まずは武蔵の余命1カ月宣告についてだが、医者の「嫁がイカゲームっつうの」を「余命1カ月」に聞き間違え、吐血も直前に食べていたスパゲッティのミートソースと赤ワインの色という通常のドラマではありえない答え合わせだが、『おっさんずラブ』だからこそ笑い飛ばすことができる幸せな勘違いだったと言える。

最終回でテーマになっているのは、「幸せとはなにか?」という人の数だけ答えがある問いかけ。自分が成長することでみんなを幸せにできると考えているもうすぐ40歳の春田(田中圭)。同時に、牧(林遣都)をはじめ周りのみんなを家族のように大事にしているからこそ、自分が成長しないと幸せにできないのではないかと焦燥感を募らせていた。

そんな春田のために牧が開いたのが、「春田さんを幸せにする会」。牧にアドバイスを与えた武蔵やちず(内田理央)、舞香(伊藤修子)、鉄平(児嶋一哉)、和泉(井浦新)、菊之助(三浦翔平)、蝶子(大塚寧々)、マロ(金子大地)、武川(眞島秀和)まで本作のメインキャストが大集結している。「春田さんはきっと、春田さんが大好きなみんなと一緒に思いっきり笑ってる時が一番幸せだろう」という牧の考えの元だ。
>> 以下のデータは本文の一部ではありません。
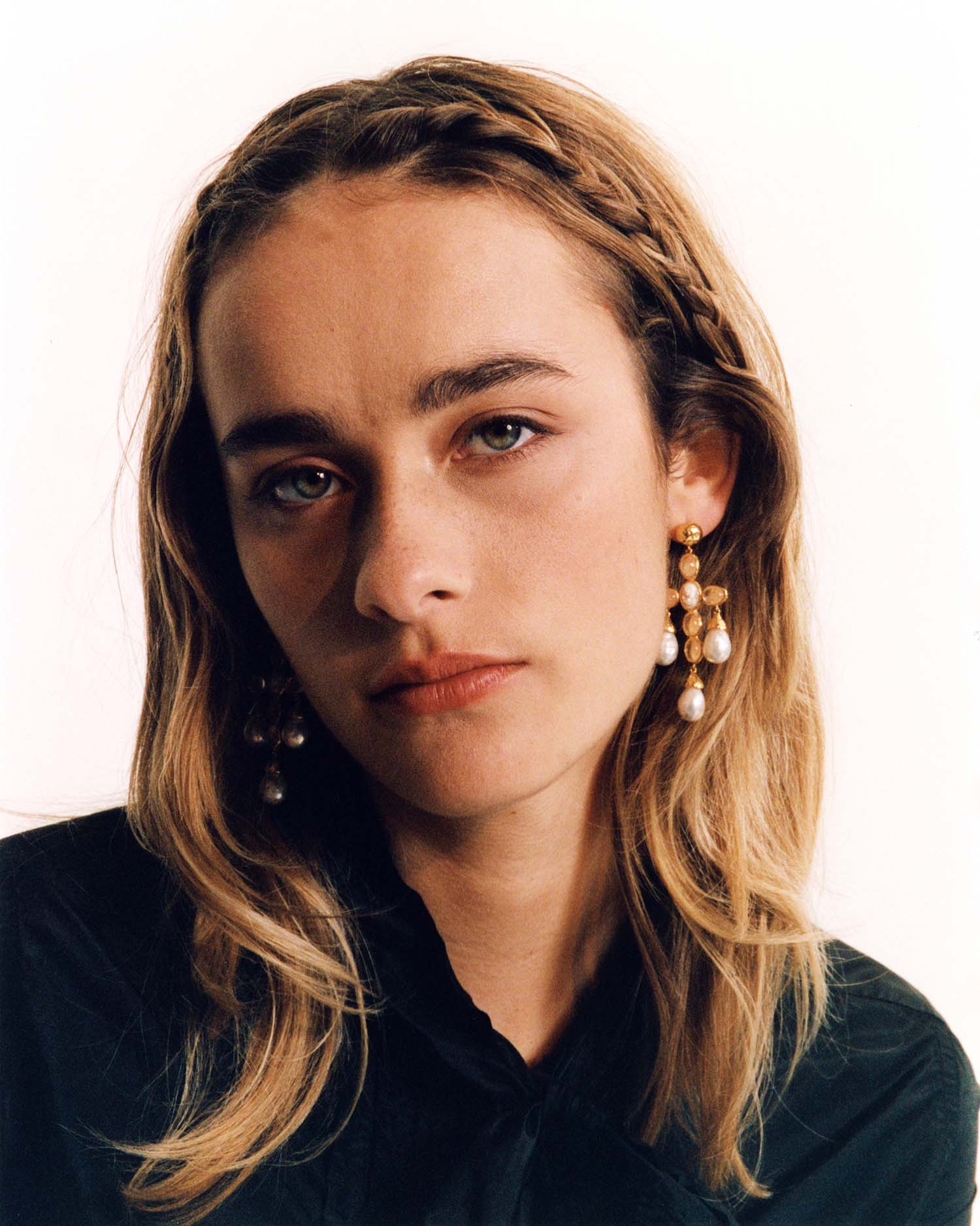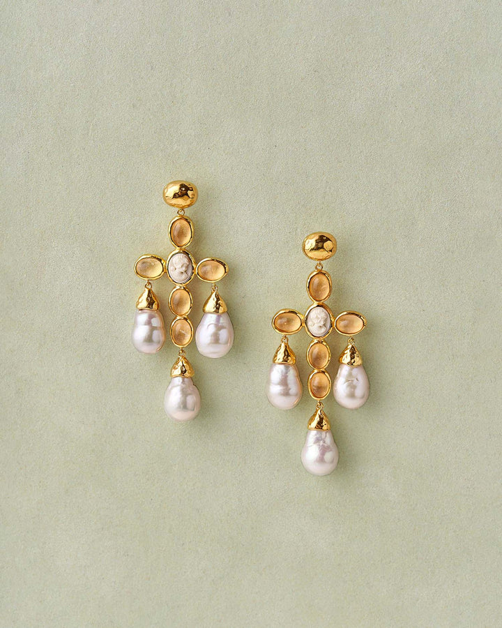These Paola Earrings by Pamela Love exude vintage opulence with their intricate chandelier design, featuring delicate resin cameos, luminous rock crystals, and glowing baroque pearls. A statement of artistry and elegance.

本作のメインビジュアルをセルフオマージュした家族写真(=日本のラブ)や秋斗(田中圭)のモノマネをした春田、蝶子の「幸せの中にいると自分が幸せだということに気づきにくい」という金言など、名シーンが数多くある中で特筆すべきは菊之助への思いに和泉が正直になる場面だ。和泉は菊之助と離れて、やっと自分が“幸せの中”にいたことに気づいていた。「お前がいないとなんか、全然落ち着かねえんだ」と菊之助を咄嗟に抱きしめる和泉。彼らの物語は公安として再び張り込みを続ける車内で、和泉が菊之助を乱暴に引き寄せ、「生意気な唇だな。もう弟じゃねえんだろ?」とささやく和泉に菊之助が唇を寄せるシーンへと繋がっていく。

『おっさんずラブ』では様々な家族の形が描かれている。子育てと仕事の両立に奮闘するちず、いわゆる年の差婚の蝶子とマロ、信玄という新たなペットをパートナーとして迎え入れた武川、和泉と菊之助の同性カップル。その数だけ、いろんな形があって、いろんな正解がある。春田と牧もまた、様々な困難を乗り越えていき、その先で2人だけの家族の形を作っていくだろう。
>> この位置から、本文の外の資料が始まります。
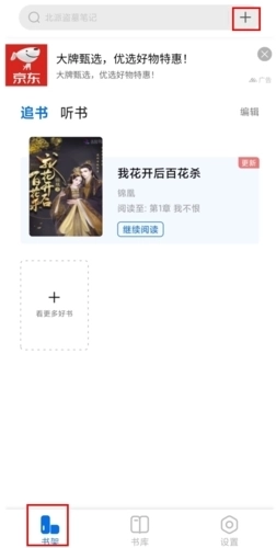 1、在书架页面中点击右上角的+按钮;
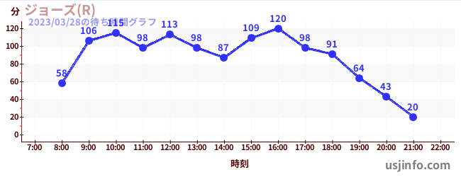 • ジョーズ(R)$B$N(B2023年03月28日の待ち時間

満開の桜の下で過ごす何気ない時間を“幸せ”だと感じる春田と牧。2人の頬に伝う涙が意味するものはなんだったのだろうか。そんな無理やり何かに意味を見出すことも野暮だと思えるくらいに美しい2人のシーンであり、伝家の宝刀である「凌太」「創一」呼びからの、新たな誓いのようなキスは未来へ進んでいく春田と牧を強くイメージさせた。
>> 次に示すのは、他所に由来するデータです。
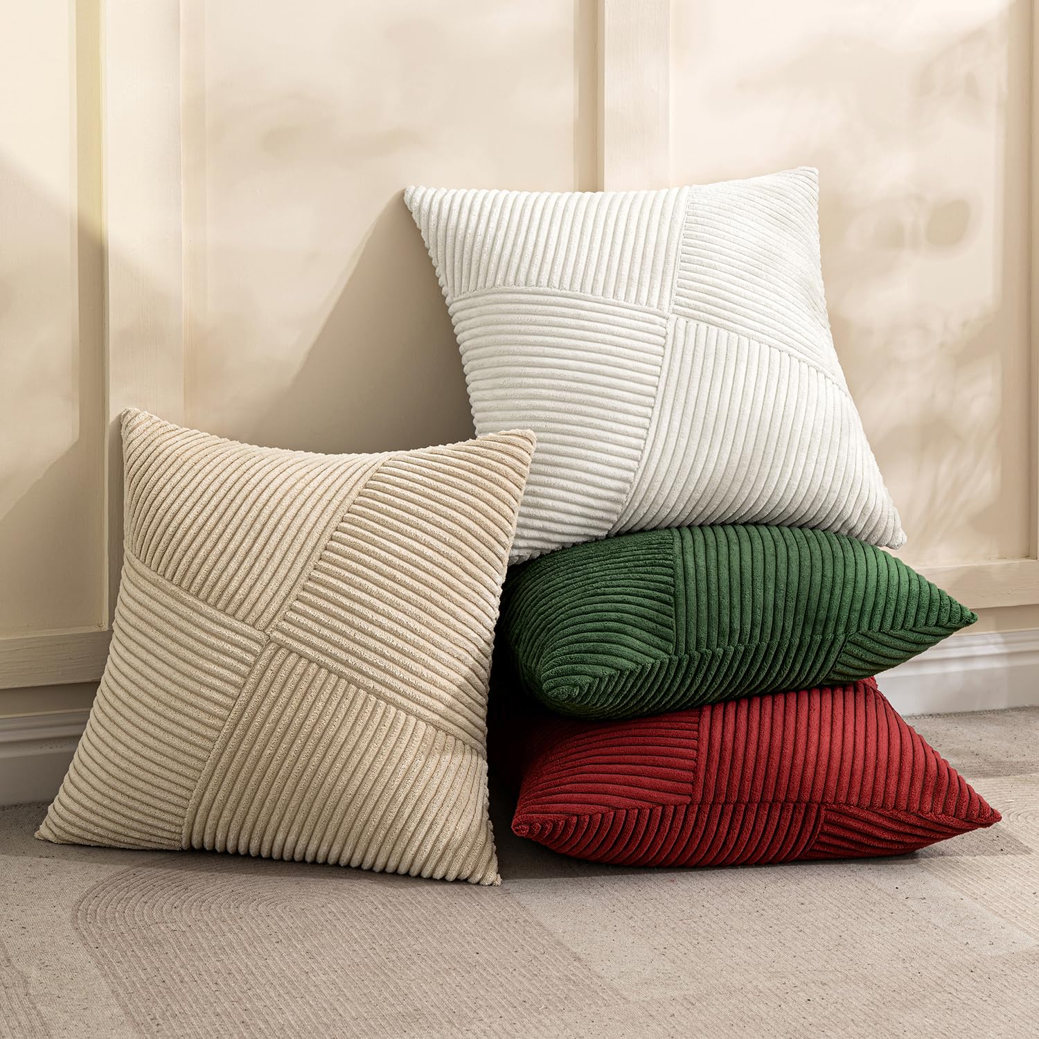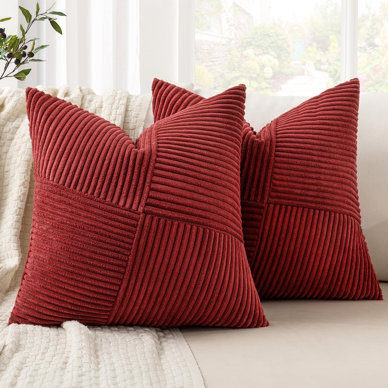 MIULEE Weihnachten Kissenbezug 45x45 Weinrot Kordsamt 2er Set Kissenbezüge Zierkissenbezug Kissenhülle Sofakissen Dekokissen Streifen Muster Patchwork Design für Wohnzimmer

ラストシーンは、和泉と菊之助が出て行った隣の家に武蔵が引越してくるというものだ。“となりのムサシ”ということで、『となりのトトロ』ネタを連発する武蔵と牧のキャットファイトが開戦。いつの間にやら春田が巻き込まれているといった、これぞ『おっさんずラブ』といった幕引きであるが、牧と武蔵がライバルや嫁姑を超えて、名もなき関係であることを印象付けながら、『おっさんずラブ』という作品が多くの視聴者にとっての幸せを形作ってきたことを感じさせるラストでもあった。そのことはきっと『おっさんずラブ』の放送が終わったこれからの日々で気づくことになるのだろう。